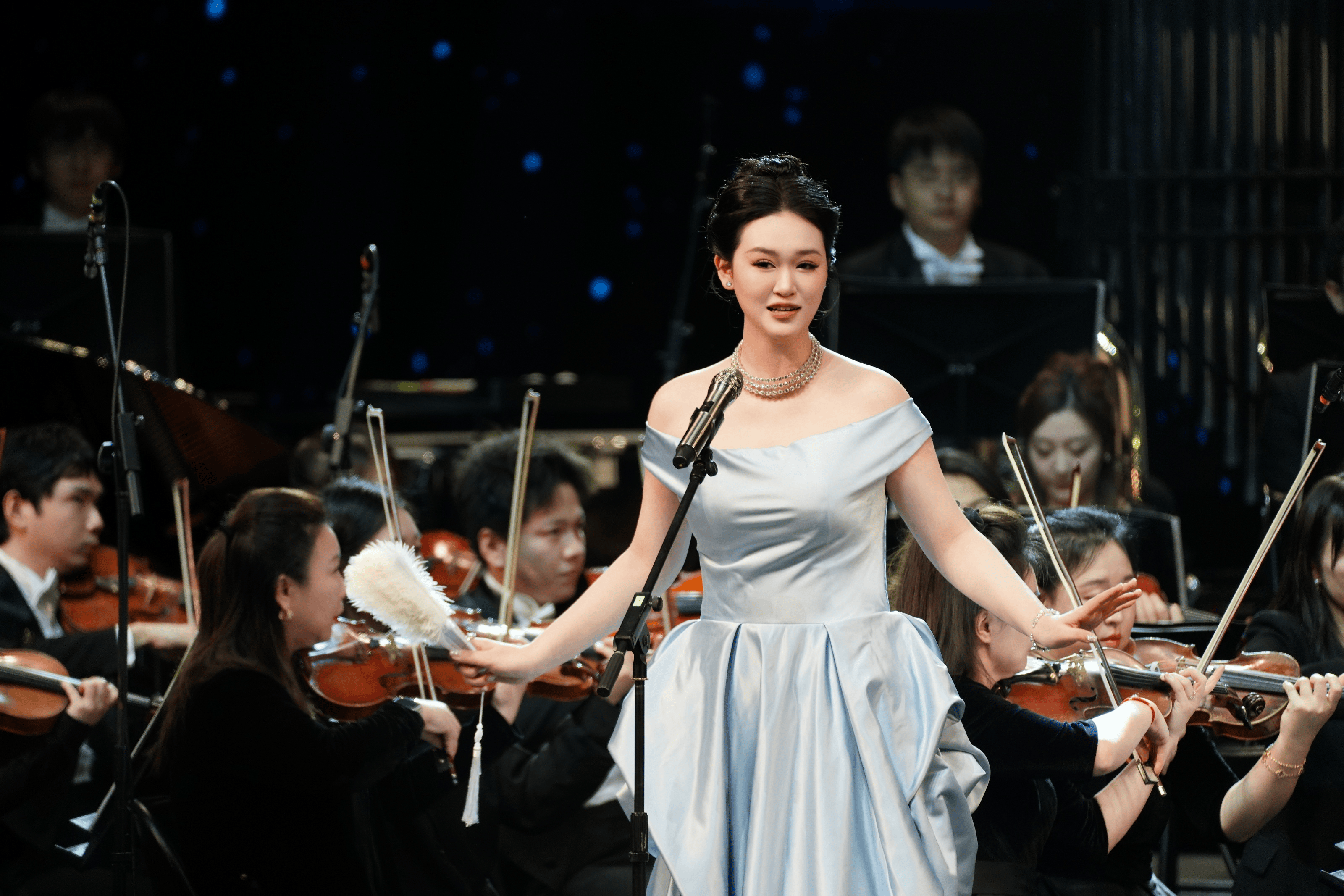 著名唢呐艺术家刘雯雯倾情演绎的《百鸟朝凤》,清脆悠扬的唢呐声仿佛将观众带入生机盎然的自然世界。《波斯进行曲》则以明快昂扬的旋律与节奏,带来别具风情的异域音画。女高音歌唱家席燕娟独唱的《茉莉花》,将这首经典民歌进行了现代而典雅的全新诠释,婉转悠扬的歌声令人陶醉。
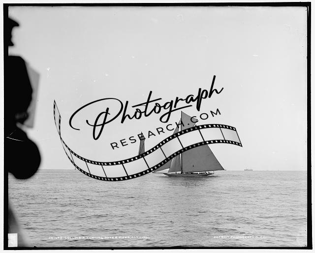 Columbia turning outer mark,Shamrock II behind,America's Cup races,regattas,1901
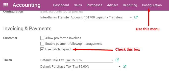 To verify that the Batch Deposit feature is installed, go to the menu of the accounting application. Check the feature: Allow batch deposit.
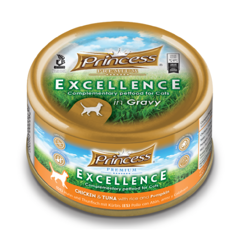 Princess Excellence Cat Wet Food – Chicken & Tuna with Rice & Pumpkin, 70g A wholesome blend of tender chicken and tuna, complemented by rice and fiber-rich pumpkin. Formulated to support digestion and overall feline health with natural ingredients and balanced nutrition. Ideal for both kittens and adult cats who enjoy savory, nourishing meals.

**Exercise directions:**
The data above should be set down again exactly, with the pictures omitted.

**Output of the task:**
 著名唢呐艺术家刘雯雯倾情演绎的《百鸟朝凤》,清脆悠扬的唢呐声仿佛将观众带入生机盎然的自然世界。《波斯进行曲》则以明快昂扬的旋律与节奏,带来别具风情的异域音画。女高音歌唱家席燕娟独唱的《茉莉花》,将这首经典民歌进行了现代而典雅的全新诠释,婉转悠扬的歌声令人陶醉。
 Columbia turning outer mark,Shamrock II behind,America's Cup races,regattas,1901
 To verify that the Batch Deposit feature is installed, go to the menu of the accounting application. Check the feature: Allow batch deposit.
 Princess Excellence Cat Wet Food – Chicken & Tuna with Rice & Pumpkin, 70g A wholesome blend of tender chicken and tuna, complemented by rice and fiber-rich pumpkin. Formulated to support digestion and overall feline health with natural ingredients and balanced nutrition. Ideal for both kittens and adult cats who enjoy savory, nourishing meals.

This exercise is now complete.